» RECORDS FOR THIS EXERCISE:

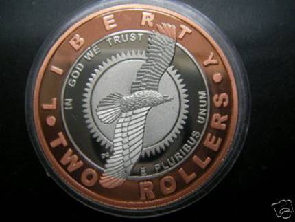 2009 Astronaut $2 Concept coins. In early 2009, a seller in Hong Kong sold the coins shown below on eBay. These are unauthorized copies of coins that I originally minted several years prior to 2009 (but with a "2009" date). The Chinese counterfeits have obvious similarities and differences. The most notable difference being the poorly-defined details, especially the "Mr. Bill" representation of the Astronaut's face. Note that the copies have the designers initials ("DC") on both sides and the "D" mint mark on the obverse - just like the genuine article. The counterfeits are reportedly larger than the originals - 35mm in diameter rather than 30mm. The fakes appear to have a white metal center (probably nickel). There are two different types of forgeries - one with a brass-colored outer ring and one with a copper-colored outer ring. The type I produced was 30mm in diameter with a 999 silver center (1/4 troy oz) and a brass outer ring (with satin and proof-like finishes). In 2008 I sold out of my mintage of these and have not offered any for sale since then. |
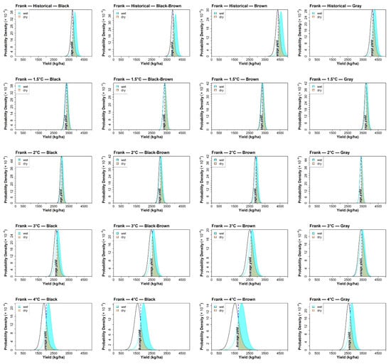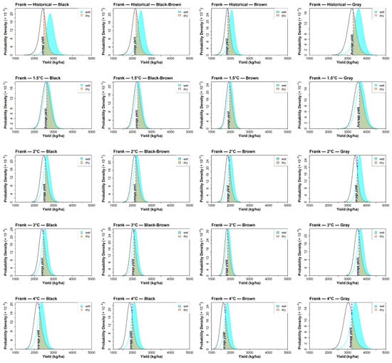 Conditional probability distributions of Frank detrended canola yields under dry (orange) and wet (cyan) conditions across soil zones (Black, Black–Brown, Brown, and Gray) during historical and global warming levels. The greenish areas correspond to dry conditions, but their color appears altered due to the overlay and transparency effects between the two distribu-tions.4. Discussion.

---

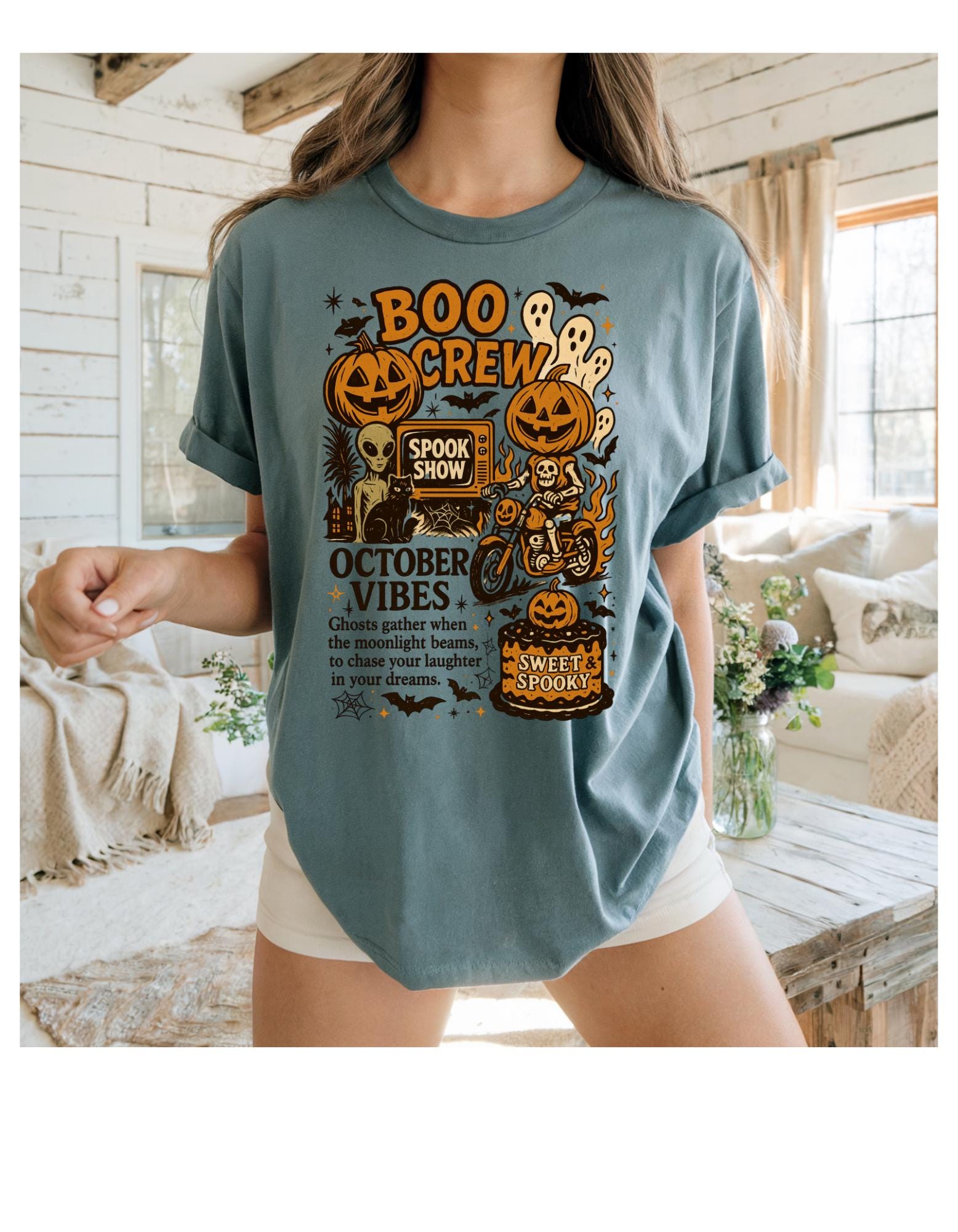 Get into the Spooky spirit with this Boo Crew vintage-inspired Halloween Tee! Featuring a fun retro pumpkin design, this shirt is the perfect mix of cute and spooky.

---

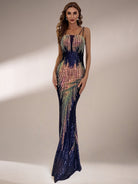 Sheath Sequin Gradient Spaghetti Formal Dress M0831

» TASK OBJECTIVE: Leaving out all pictures, set down exactly the lines of the material above, from the line with "2009 Astronaut $2" to the line with "Conditional probability distributions" inclusive, and no others.

» PROBLEM SOLUTION:
 2009 Astronaut $2 Concept coins. In early 2009, a seller in Hong Kong sold the coins shown below on eBay. These are unauthorized copies of coins that I originally minted several years prior to 2009 (but with a "2009" date). The Chinese counterfeits have obvious similarities and differences. The most notable difference being the poorly-defined details, especially the "Mr. Bill" representation of the Astronaut's face. Note that the copies have the designers initials ("DC") on both sides and the "D" mint mark on the obverse - just like the genuine article. The counterfeits are reportedly larger than the originals - 35mm in diameter rather than 30mm. The fakes appear to have a white metal center (probably nickel). There are two different types of forgeries - one with a brass-colored outer ring and one with a copper-colored outer ring. The type I produced was 30mm in diameter with a 999 silver center (1/4 troy oz) and a brass outer ring (with satin and proof-like finishes). In 2008 I sold out of my mintage of these and have not offered any for sale since then. |
 Conditional probability distributions of Frank detrended canola yields under dry (orange) and wet (cyan) conditions across soil zones (Black, Black–Brown, Brown, and Gray) during historical and global warming levels. The greenish areas correspond to dry conditions, but their color appears altered due to the overlay and transparency effects between the two distribu-tions.4. Discussion.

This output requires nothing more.